FOR TWO YEARS in a row we have seen significant films about oppression and struggle nurture public consciousness. Selma and 12 Years a Slave invite us to reimagine iconic moments closer than we usually think, their protagonists more like us. Slavery had not been portrayed in such visceral fashion in a mainstream film before 12 Years. Before Selma, images of Martin Luther King Jr. had never quite transcended the almost superhuman projections that accrue from his martyrdom and decades of being co-opted by cultural mavens from Apple to Glenn Beck.

These films create new benchmarks for the mainstream depiction of black history, black struggle, and wider perceptions. But entertaining portrayals of inspiration contain a powerfully dangerous substance that needs to be handled with care. The cathartic tears shed at a film about other people’s suffering and heroism can also be a narcotic, implying that the work has been done. Think of all the talk about freedom struggles after Braveheart, or challenging the principalities and powers after The Matrix. The problem was, most of it was just that. Talk.

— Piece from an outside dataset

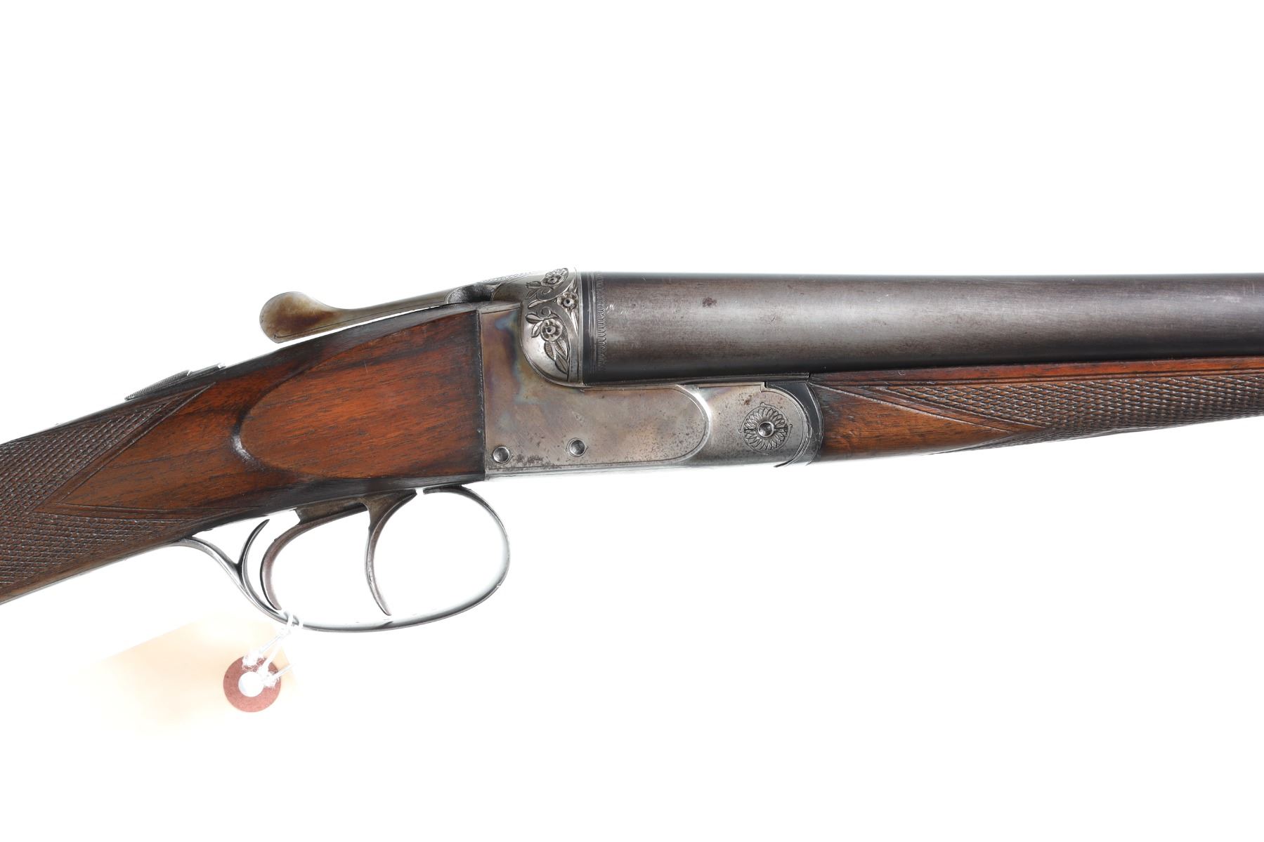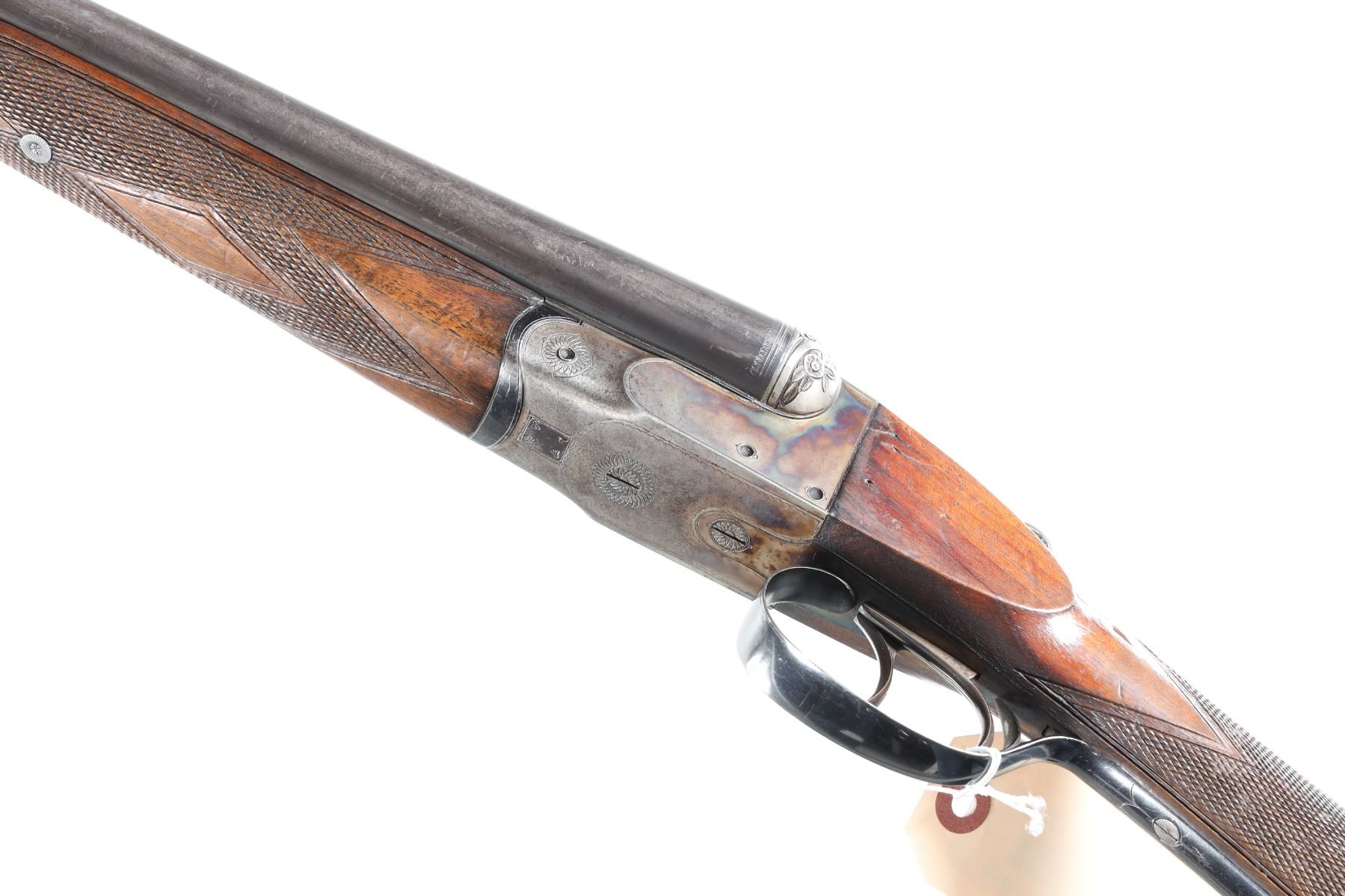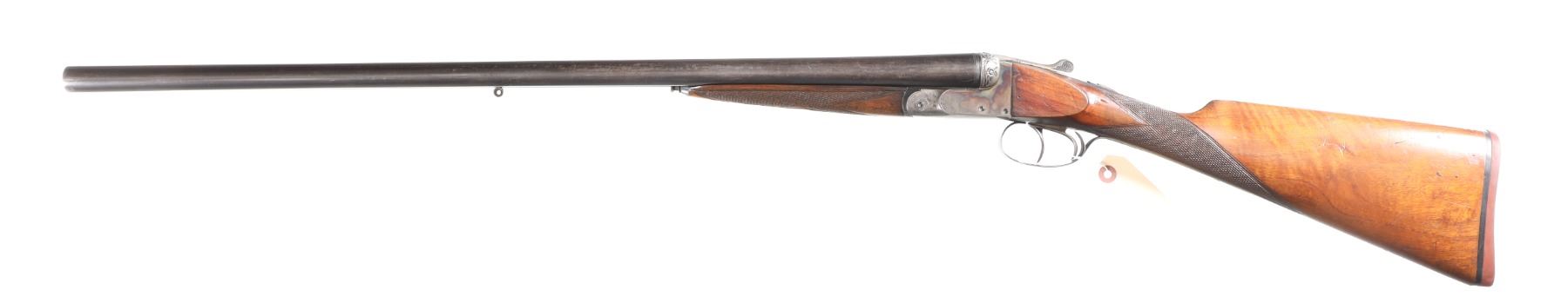 12ga Serial # 5291 French produced double 12ga, from Saint Etienne. Box lock action with double trigger, pistol grip stock with splinter forearm. Very good overall condition. Chambers marked 2 1/2" with extractor, chokes measured full/full, and 14 5/8" LOP. Mechanically excellent. C&R Barrel 27 11/16" C&R

Countercultural critic Armond White suggests that the danger of such films is that viewers “are encouraged to profess an inheritance they do not earn”—watching Selma is not the same thing as participation in social struggle. This is a problem, not just for the personal integrity of audiences, but for the world, because feeling something is not the same thing as doing something. Schindler’s List swept the Oscars in 1994, where speeches invoked the plea that “never again” should genocide be permitted. It was only days before the Rwandan genocide began.

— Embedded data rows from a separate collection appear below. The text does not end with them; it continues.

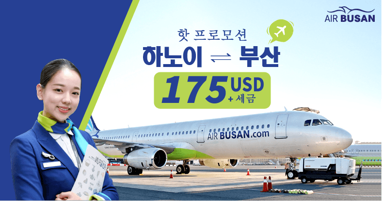한국의 부산은 바닷가가 있는 아름다운 관광도시입니다.올여름에 에어부산을 타고 비엣에어에서 제공하는 특별 프로모션이 진행됩니다. 하노이-부산 왕복 특별요금 175USD+세금
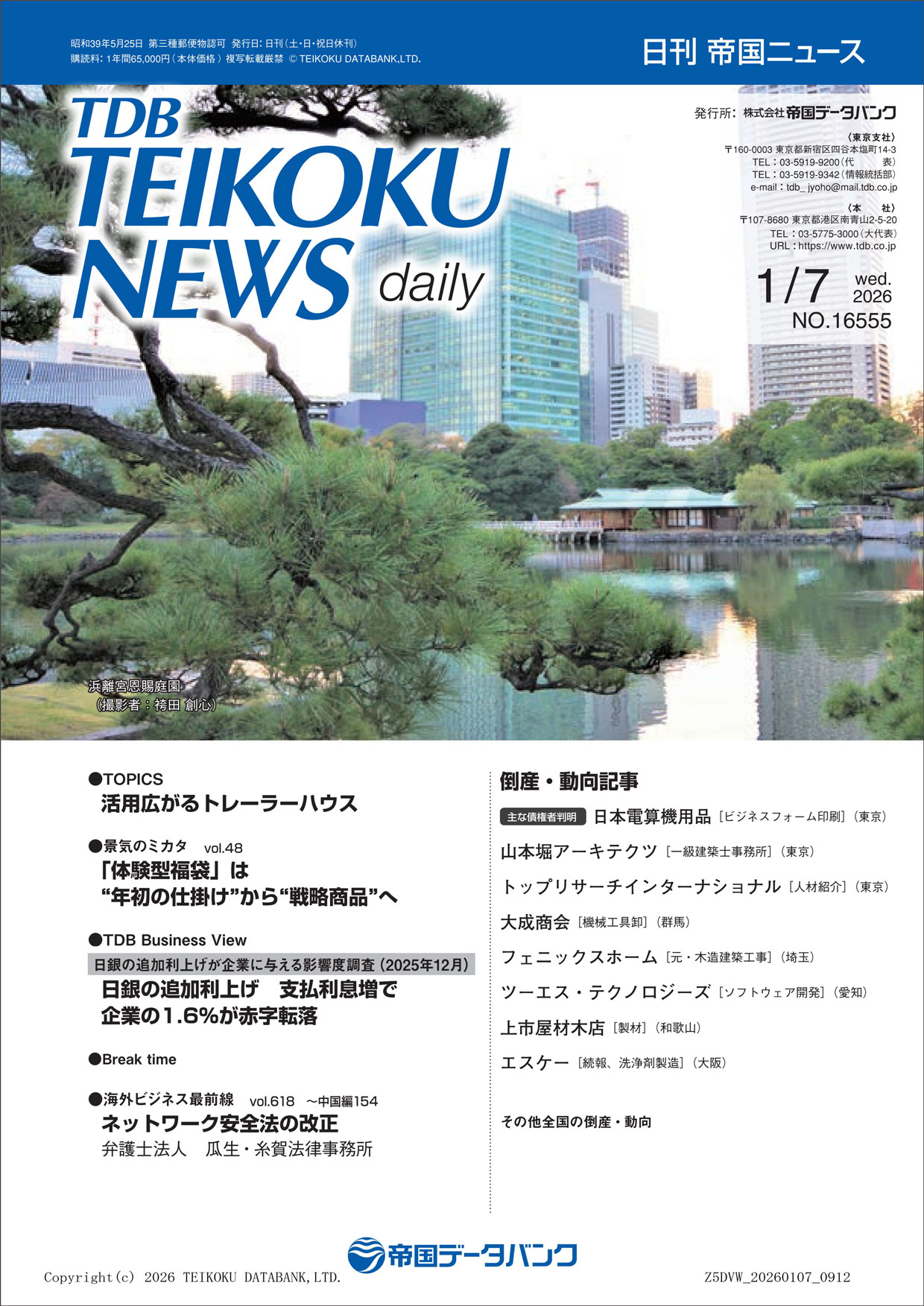 1月7日(水)発行の日刊 帝国ニュース表紙裏面に、弊社企業広告が掲載されました。
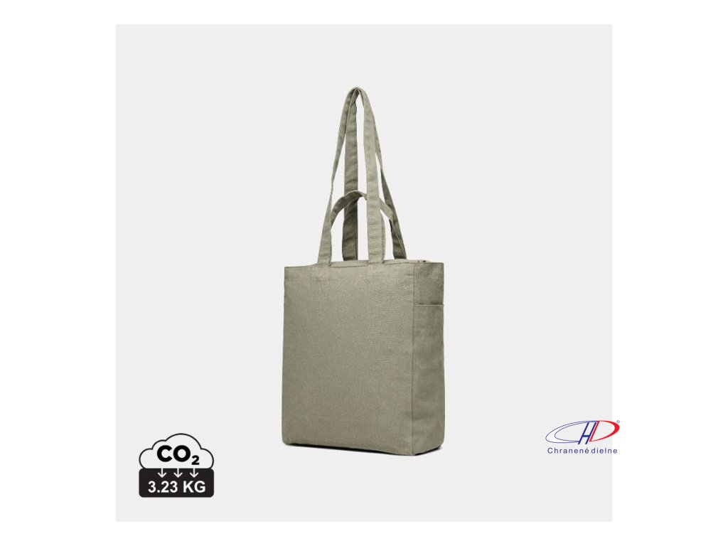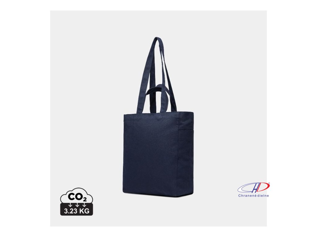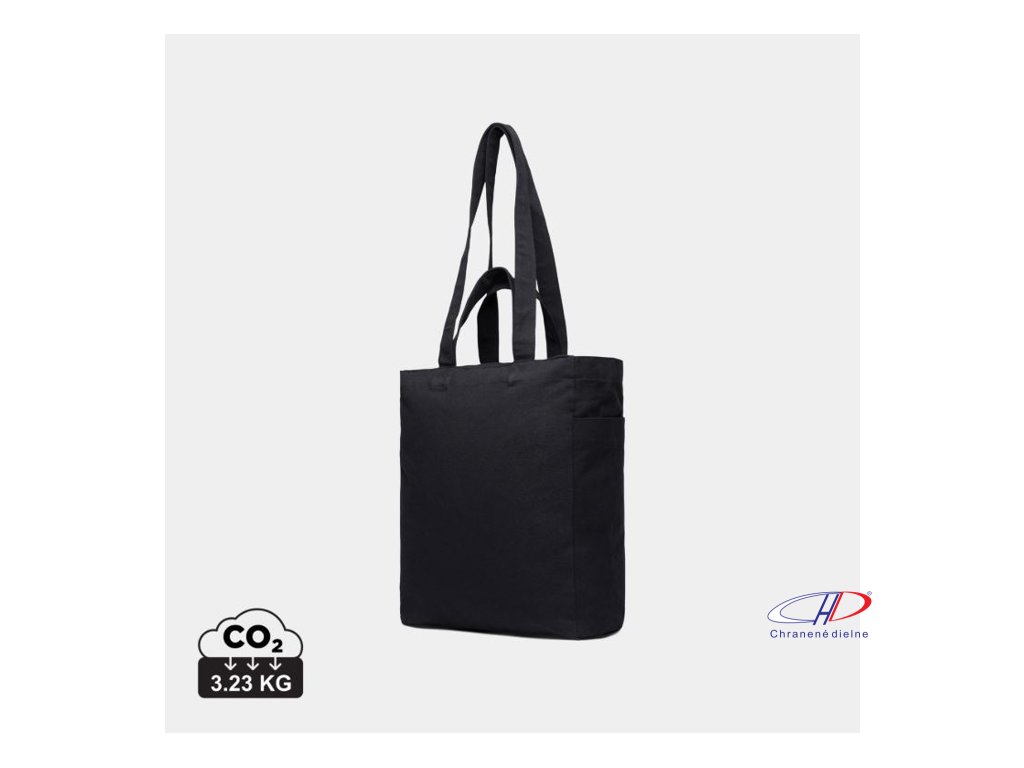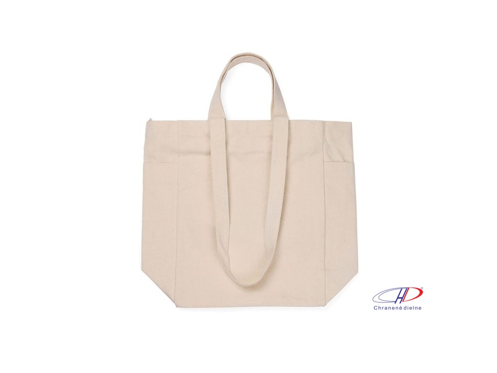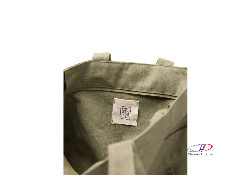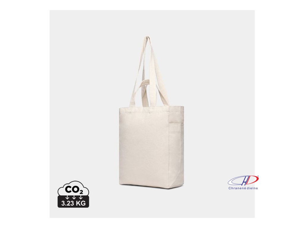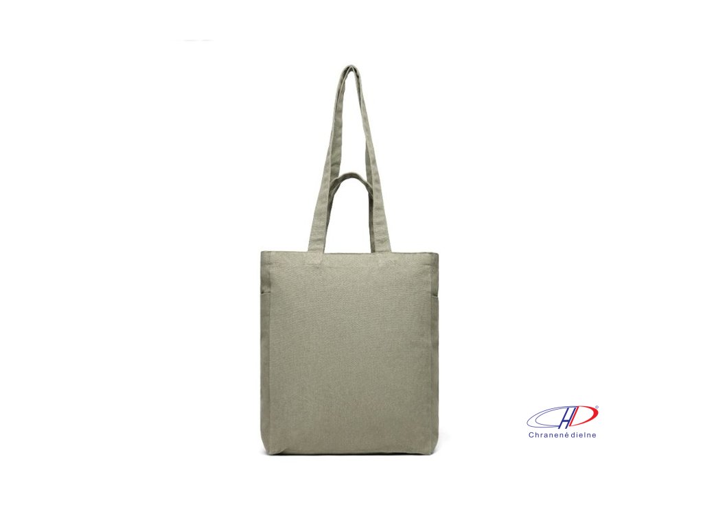 Kratšie uši na nosenie v ruke, dlhšie uši na nosenie na ramene. Dve otvorené vonkajšie vrecká. Vyrobené z recyklovaného nefarbeného plátna (canvas) bez použitia bielidiel a chemikálií. Zloženie: 70% recyklovaná bavlna, 30% recyklovaný polyester. AWARE™Dodatočné parametre

Selma is being released when public consciousness about the roots of injustice is high. We are beginning to understand that we need to look back in order to look forward honestly (some could never forget this in the first place). We are beginning to understand that those of us who benefit from white supremacy need to make restoration for our privilege and the fruits of the subjugation of others—and that those of us who struggle for our own freedom need to tell our stories loud and clear. These films can empower that process, or they can be used to pretend to ourselves that the journey is done.

The best thing about Selma is its depiction of MLK as a human being, gifted, to be sure, but who most distinguished himself from the rest of us by making the decision to act. His legacy can be only partly honored by the experience of watching Selma. The journey continues when the audience starts acting.